The FBI had undercover agents working inside many of the terrorist organizations and
knew almost everything they did or planned to do. Carol Howe was one of them. She had
posed as a loyal member of what was called W.A.R., the White Aryan Resistance, which
was a white supremacist organization linked to neo-Nazis and the KKK. Timothy
McVeigh, who was convicted and executed for his role in the bombing of the Murrah
Building, was a close friend of Andreas Strassmeir, who was one of the leaders of this
group. After the bombing, Miss. Howe testified that she had reported to her FBI superiors
that members of this group were planning to blow up federal buildings, including the one
in Oklahoma City. This did not fit with the FBI's story that it had no advance warning
about the Murrah Building, so the agency responded by claiming that Howe was not an
informant at the time she claimed to have made her reports and that she was emotionally
unstable. They called her "the poster girl" for "conspiracy theorists." Then they actually
charged her for committing such crimes as possession of an illegal explosive device and
conspiracy to make a bomb threat. In other words, they attempted to put her in prison for
doing exactly the things she was expected to do as an undercover agent. It was an
incredible betrayal. Fortunately she was able to prove to a jury that every one of her
claims was true and that it was the FBI that had lied on every count. Clearly, this was no
longer the same FBI that operated under J. Edgar Hoover during World War II.

TERROR FROM THE AIR

The terrorist cell that carried out the first bombing of the World Trade Towers on
February 26, 1993, was organized by Sheik Omar Abdel-Rahman. During the 1980s,
Rahman had traveled throughout the Middle East calling for Jihad, or "Holy War,"
against the West. Consequently, he was on the State Department "watch list" of suspected
terrorists who were not to be allowed into the U.S. Yet, there he was, and he had entered
the country under his real name. How did that happen? It happened because, in July of
1990, the CIA intervened and gave him a visa. Then, when his visa was revoked four
months later, the Immigration Service located him and, instead of expelling him from the
country, granted him a work permit! That is how he was able to prepare and execute the
plan that led to the first bombing of the World Trade Towers. It was the same treatment
given to Takeo Yoshikawa at Pearl Harbor fifty-two years earlier.

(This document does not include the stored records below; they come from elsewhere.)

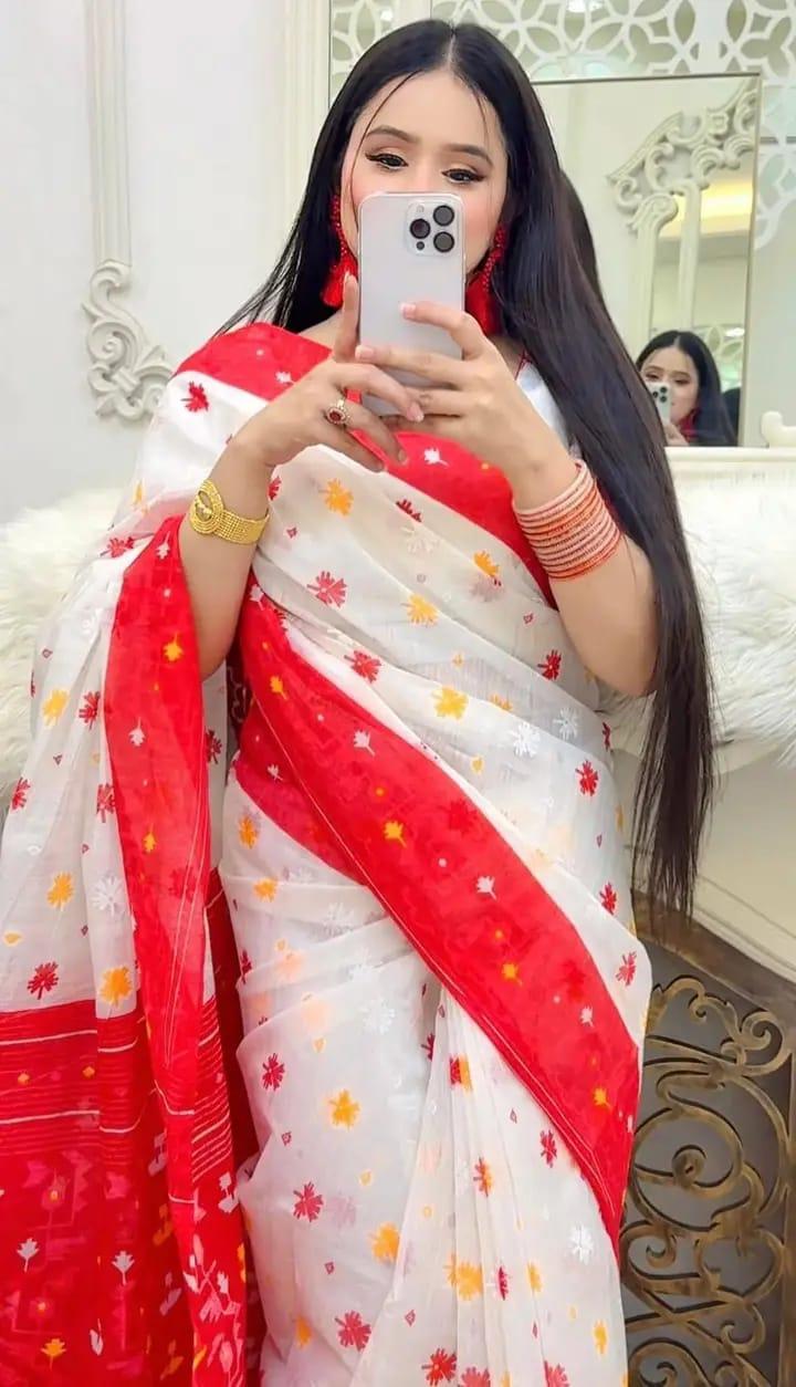 হাফসিল্ক স্কিন পিন্ট শাড়ি ১২ হাত শাড়ি কোন ব্লাউজ পিস নেই lস্কিন প্রিন্ট এর মধ্যে অসম্ভব সুন্দর এই শাড়িগুলো l
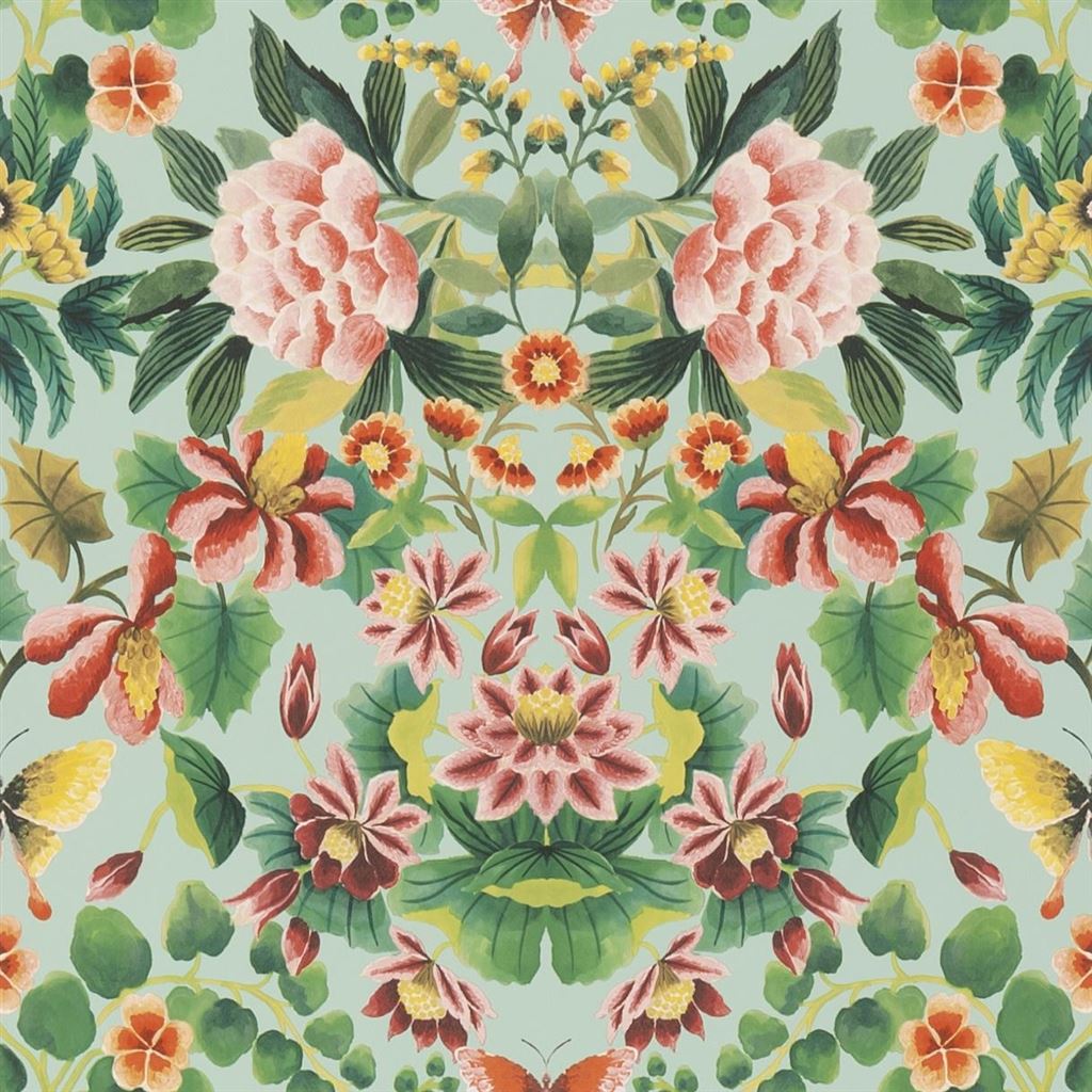 Exquisitely painted flowers, foliage and butterflies are arranged in a mirrored kaleidoscopic form to create a contemporary floral damask wallpaper. Printed in rotogravure on a non-woven backing for easy installation. Available in six stylish colors. Coordinating fabric and wallpaper panel also available. (Wallpaper - Width: 52cm, Vertical Trim: 52cm, 112.00 per roll)
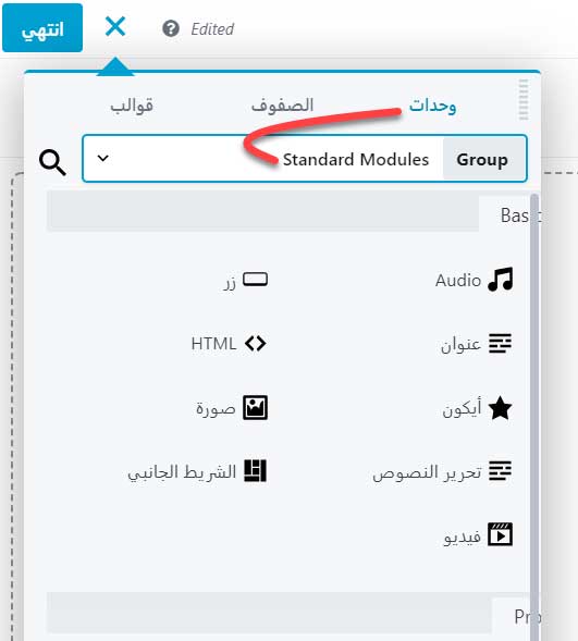 من الوحدات ستجد قائمة منسدلة يمكنك اختيار بين الـ Standard Moduls والتي منها تجد الوحدات التي كنا تكلمنا عنها في إعدادات بيفر بيلدر. ومنها تجد في القائمة Basics الـ 9 وحدات الأساسية المجانية وهم (ملف صوتي Audio – زر – عنوان – HTML لإدراج الأكواد البرمجية – أيكون لإضافة الأيقونات – صورة – تحرير النصوص – فيديو – الشريط الجانبي).

On September 11, 2001, when the World Trade Towers again became the target of
terrorism - this time using hijacked airliners - the official position of the FBI was that the
government had no advance warning and that there was no way that the attack could have
been prevented. Unfortunately, the facts do not support that claim. For several years prior
to that, U.S. intelligence agencies were well appraised that Islamic extremists were
plotting attacks against American targets, especially the World Trade Towers and
government buildings in Washington, DC. It was well known that these groups were
planning to use hijacked passenger airliners to deliver the blows.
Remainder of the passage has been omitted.